The popularity of IPC metrics is just one example of the range of approaches to describe levels of food related needs. Beyond assessments such as early warning and nutrition surveillance systems that seek to identify populations in need, there are reporting processes such as through which humanitarian organizations will account for their response to (identified) need, as well as monitoring processes which seek to further reconcile need with responses. So important are these processes, that entire units within humanitarian organizations are dedicated to the collection of such information or such tasks are outsourced to service providers. However, despite the increasing range and usage of processes for describing food security need, the humanitarian system continues to struggle to respond to and prevent food security crises in South Sudan. We would expect that more tools and processes to translate the ‘needs’ of affected populations into actionable data would lead to better informed decisions about where to direct food aid. However, numerous studies continue to note a disconnect in understandings of need between localities, humanitarian actors and policy makers. Why is there a disconnect between what affected populations want and what they receive even though humanitarian service providers have a variety of processes for measuring levels of need?
Research Question & Hypothesis
I suspect that the reason studies continue to note differences in how affected populations and humanitarian actors understand levels of food need relates to the processes by which humanitarians solicit, interpret, and aggregate information. For instance, the Food Consumption Score (FCS) attempts to present a standardized approximation of a household’s level of need upon which decisions of providing food interventions are made. FCS information is a critical component for determining an IPC classification for a given location, a determination that has implications for subsequent humanitarian assistance. But do the needs of affected populations as identified by popular metrics of humanitarian agencies like the FCS align with what affected populations say they need?
In 2017-2019, a team of researchers put this to the test, by collecting information not only on the FCS of households in South Sudan, but also asking them how they would prioritize resources in their own community if given the chance. This was done through a piling exercise, during which respondents demonstrated the amount of resources they would dedicate to a different area (education, infrastructure, food aid, etc) if they could decide, by placing different numbers of dried beans on different representations of the areas. We can understand this piling exercise as an alternative way to understand need, with the assumption that participants would allocate more resources to areas they feel their community needs the most. We simplify this inquiry into prioritizing direct food aid or any other area. This allows us to as the following research question: What does a household’s FCS tell us about the odds that they would chose to prioritize direct food assistance if given the chance? Put differently, does the gold standard (FCS) tell us information that is any different than a pile of beans could tell us in terms of which households are in need?

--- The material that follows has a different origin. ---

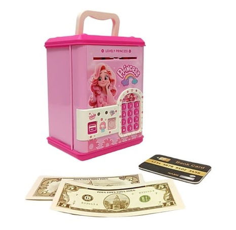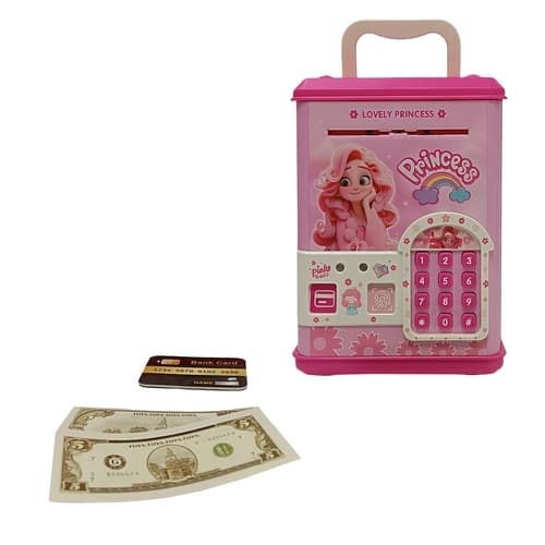 Trezor má atraktivní růžový design s motivem princezny a je vybaven elektronickými funkcemi, které simulují skutečný bankomat nebo trezor.

If FCS aligned with the priorities of affected populations, we would expect that households with lower FCS would prioritize direct food aid over other types of interventions. Misalignment could indicate that people’s needs and priorities are more complex than a metric like the FCS can capture and reflect.
- Null Hypothesis: FCS match how households would prioritize
resources.
- Observable implication: As FCS decrease, households prioritize direct food aid over other types of assistance.
- Alternative Hypothesis: FCS do not match how households would
prioritize resources.
- Observable implication: As FCS decrease, households prioritize other types of assistance over direct food aid.
TLDR: What did we learn in this exploration?
Using a binomial logit regression, we find support for the null hypothesis. In general, it does appear that the odds a household would prefer direct food aid over other types of food assistant are higher in households with lower FCS. This trend generally holds even when we control for basic demographic features and the person who controls how resources in a household are used. However, results are distinct enough to support calls for understanding gender roles in relation to household food security.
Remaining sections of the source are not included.